At a news conference ahead of today's memorial service, the head of the company which managed the Dolphin vessel said that the ceremony would give relatives of the dead and missing the chance to "get their grief out".
Bourbon Offshore managing director Trond Myklebust also confirmed that after the service the families would be flown out to observe the wreck of the ship, which sank 75 miles north-west of Shetland.
"It is so everybody can see the boat, the environment and try and visualise what would have been going on," said Mr Myklebust.
He added that efforts would be made to tow the Dolphin ashore at around midday in order to try and find the bodies of those it is believed remain inside the ship.

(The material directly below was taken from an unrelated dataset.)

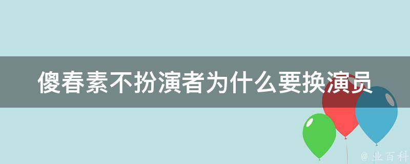 傻春素不扮演者为什么要换演员

"What is important from our side is that this will be done in a safe manner because the most important thing is that we keep the boat afloat so we are able to find the people inside," he said.

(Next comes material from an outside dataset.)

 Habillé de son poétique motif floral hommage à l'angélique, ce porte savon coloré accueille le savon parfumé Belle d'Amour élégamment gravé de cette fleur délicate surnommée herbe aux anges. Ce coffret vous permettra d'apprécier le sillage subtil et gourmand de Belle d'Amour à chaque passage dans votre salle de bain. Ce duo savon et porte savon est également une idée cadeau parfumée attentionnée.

Meanwhile, one of the survivors of Thursday's disaster has told reporters how it took less than five minutes for the Dolphin to capsize.

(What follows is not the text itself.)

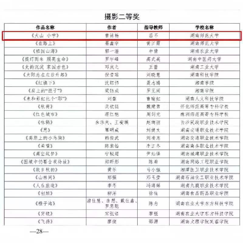 (通讯员谢璐怡)近日,湖南省教育厅发布《关于公布全省第七届老员工艺术展演活动评选结果的通知》,william威廉亚洲共获奖3项。摄影类作品《大山 小学》获二等奖,设计类作品《新青年》获得二等奖,朗诵艺术节目《永远二十二岁》获得二等奖。

Egil Hafsas, who was on deck at the time of the accident, explained that it was difficult for him to feel joy at having been rescued when some of his colleagues had been unable to escape from the boat.
A list released by Bourbon Offshore has revealed that 14-year-old David Remøy, who was aboard the Dolphin on work experience, is among the eight people named as either dead or missing following the incident.
His father, Oddne Arve Remøy, the 44-year-old captain of the ship, was also named on the list.